Elite women’s basketball player Liz Cambage called out a lack of diversity in promotional photos surrounding the Tokyo Olympics, and racism in international cricket was highlighted by West Indian cricketing legend, Michael Holding, when he described his experiences of racism while playing.
This year, players came to be expected to show symbolic solidarity with the #BlackLivesMatter movement, and those who didn’t, like South African T20 player Quinton de Kock, found themselves accused of racism.
DR JORDANA SILVERSTEIN
For many of us, 2021 started with attending AFL Women’s (AFLW) games.
Out on the grass at Casey Fields, huddled under the shelters on a rainy Saturday at Moorabbin, or sitting with friends in the stands at Princes Park, the ability to spectate in person was back and the rush of cheering on your team was felt.
It would prove to be short lived however, and before too long those of us living under lockdown would be back to watching all sport on the TV.
But this was a year that still rewarded the sport-watcher, creating communities around the world of viewers, fans and spectators who were compelled to find new ways to enjoy their sport.
Indeed, for many people, watching sport, and the Olympics in particular, made lockdown more bearable.
During the Olympics, people had multiple screens set up to watch as much as possible. Important moments were flagged on social media, with viewers tuning in just at the right time, or grabbing opportunities to once again marvel at sports they hadn’t previously seen.

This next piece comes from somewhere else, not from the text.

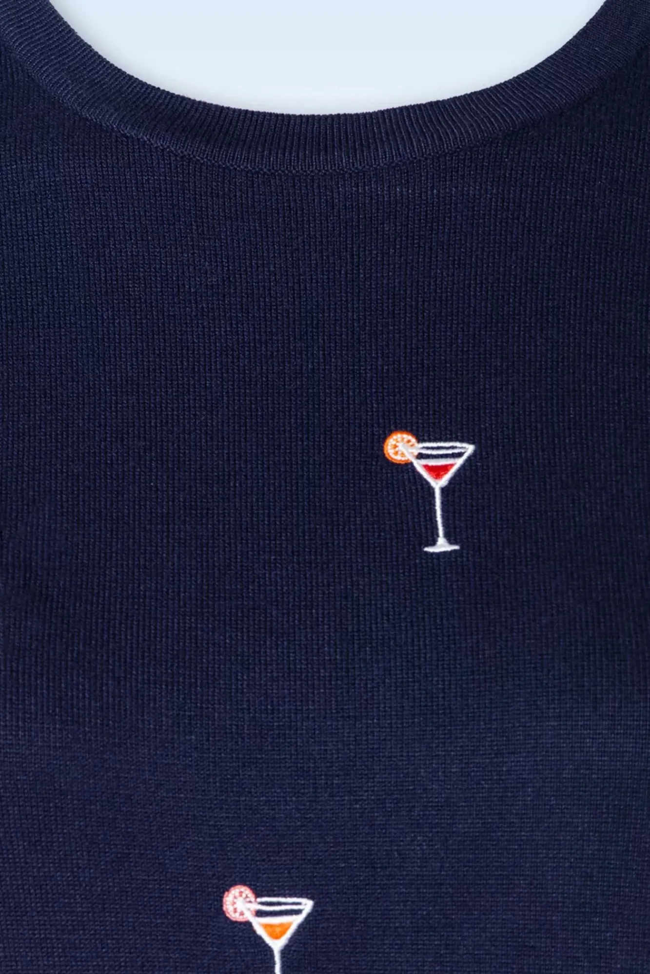 “Time For Cocktails!“ Dieses Schätzchen Wurde Aus Einem Angenehm Weichen Und Dehnbaren, Feingestrickten, Dunkelblauen Viskosemix Gefertigt, Der Sich Herrlich Trägt. – Für Einen Cocktail Ist Es Nie Zu Früh!
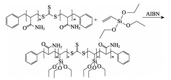 在500 mL四口燒瓶中加入300 g無水乙醇、0.0231 g(0.14 mmol)AIBN和10.0816 g(0.28 mmol)PAM-CTA-4,用超聲波將PAM-CTA-4混合均勻分散,再加入VTES〔其中,n(VTES)∶n(AM)=5∶100、10∶100、15∶100、20∶100〕,在70℃下反應8 h。反應結(jié)束后趁熱出料,過濾。在超聲條件下,用正己烷洗滌沉淀,過濾,重復數(shù)次,在45℃真空干燥24 h,得到PAM-b-PVTES固體粉末。將上述不同n(VTES)∶n(AM)制得的產(chǎn)物依次命名為PAM-b-PVTES-1、PAM-b-PVTES-2、PAM-b-PVTES-3、PAM-b-PVTES-4。

The growth of streaming meant we had immediate access to more sports, and more control over what we watched, than ever before.
Similarly the men’s AFL Grand Final became an opportunity for those who wouldn’t normally watch it, but who were sitting at home under lockdown and curfew, to participate.
In many ways then, sport watching became more widely available during 2021. It’s very different to sit at home by oneself, or with immediate family, housemates, or a bubble buddy, but spectating through social media created new ways of connecting while podcasts like The Outer Sanctum and The Final Word brought communities of fans together.
I know I’m not the only person excited about once again seeing live sport, in the flesh, without the dodgy fake crowd noises we had on television.
But I’m also glad to know that spectating sport might have become a bit more possible, and a bit more interesting, for some more people during these COVID lockdown years.